According to H&H, China's new e-commerce regulations​ — which were implemented at the start of the year — resulted in many daigou​ sellers de-stocking their inventory and reducing trading activity.

China's State Administration for Market Regulation's (SAMR) continual crackdown on the country's health food and supplement sector has hit daigou​ sellers​ and direct-selling firms the hardest.

The company said in a media release: "To cope with these new channel dynamics, the group has been partnering with customers to deplete surplus inventory and continue brand building initiatives across both ANZ and China markets to continue to drive demand."

H&H's Q1 2019 adult nutrition sales figures are a stark contrast to those reported in its 2018 annual results​, where the segment had seen sales growth of 13.7%.

Australian vitamin giant Blackmores has also been affected​ changes in the daigou​ channel, with boss Marcus Blackmore saying the firm had "lost a lot of the daigou sales" ​it used to enjoy. The firm is trying to engage more actively with sellers on the platform now so it can maximise its potential in this aspect. 

Ups and downs

Overall, H&H's revenue saw year-on-year growth of 2.4% to US$322.7m (RMB2.2bn), and its adult nutrition business is doing markedly better in China than in Australia and New Zealand.

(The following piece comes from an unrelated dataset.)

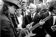 WDR Fernsehen HINTERM HORIZONT GEHT'S WEITER - 1987, "Aus der Reihe "Unser Land in den 80ern"", am Freitag (28.09.18) um 20:15 Uhr. Rockmusiker Udo Lindenberg (l) überreichte dem ehemaligen SED-Generalsekretär Erich Honecker (M) bei dessen Besuch 1987 in Wuppertal eine - laut Lindenberg - "nicht ganz billige Gitarre" mit der Aufschrift "Gitarren statt Knarren". © WDR/dpa/Franz-Peter Tschauner, honorarfrei - Verwendung gemäß der AGB im engen inhaltlichen, redaktionellen Zusammenhang mit genannter WDR-Sendung bei Nennung "Bild: WDR/dpa/Franz-Peter Tschauner" (S3). WDR Presse und Information/Redaktion Bild, Köln, Tel: 0221/220 -7132 oder -7133, Fax: -777132, bildredaktion@wdr.de
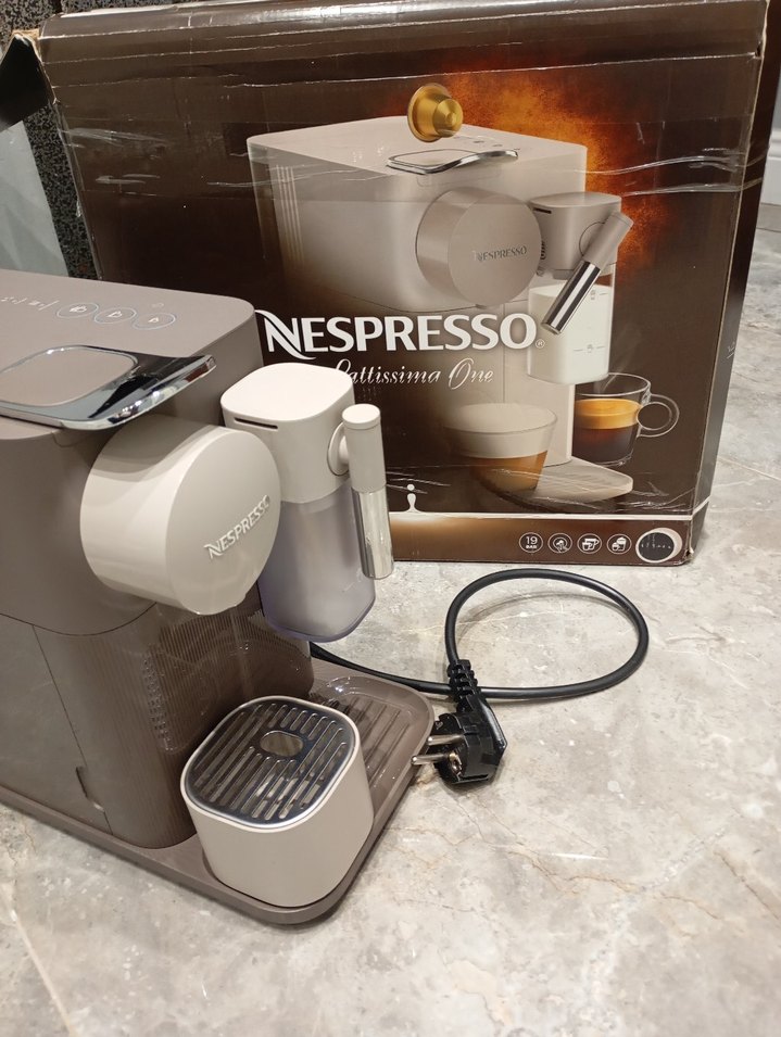 Bej renkte Nespresso kahve makinesi, süt köpürtücüsü ve kompakt yapıya sahiptir. Espresso ve kahve yapımı için uygundur. ☕

The company recorded a 32.2% increase in adult nutrition active sales in China, which accounted for 41.6% of its total adult nutrition revenue for the quarter. However, this also represented a 30% drop from the previous year's 63.2% increase.

Furthermore, it has expanded to new CBEC platforms and social e-commerce channels in China in a bid to reach more consumers.

According to the company, it is still seeing "overall demand growth for Swisse products from Chinese consumers remaining healthy"​, though its de-stocking and channel shift will take some time to complete.

Baby steps

When it came to H&H's infant nutrition business, revenues increased by 4.1% year-on-year, with infant milk formula revenue experiencing a slight decrease of 0.3% due to a high base: revenue in the segment had risen by 41.6% year-on-year in Q1 2018.

This came after a one-off price increase, as well as distributors restocking during the company's launch of new registered infant formula products.

The rest of its infant nutrition product segment experienced significant growth of 98.2%, due mainly to H&H's Dodie brand doing well in both China and France, and the consolidation of sales from its organic baby food brand, Good Goût.

According to Nielsen research, the company's share of China's overall infant milk formula market had increased to 5.9% in the year ended March 31, 2019, a slight rise from 5.8% the previous year.

H&H chairman Luo Fei said, "We remain confident about the outlook for our baby nutrition and care business, and particularly for our adult nutrition and care business, especially in China.

"We will continue to implement our brand-building initiatives and other ongoing strategies to safeguard our ongoing growth, and to continue growing our global leadership in premium wellness."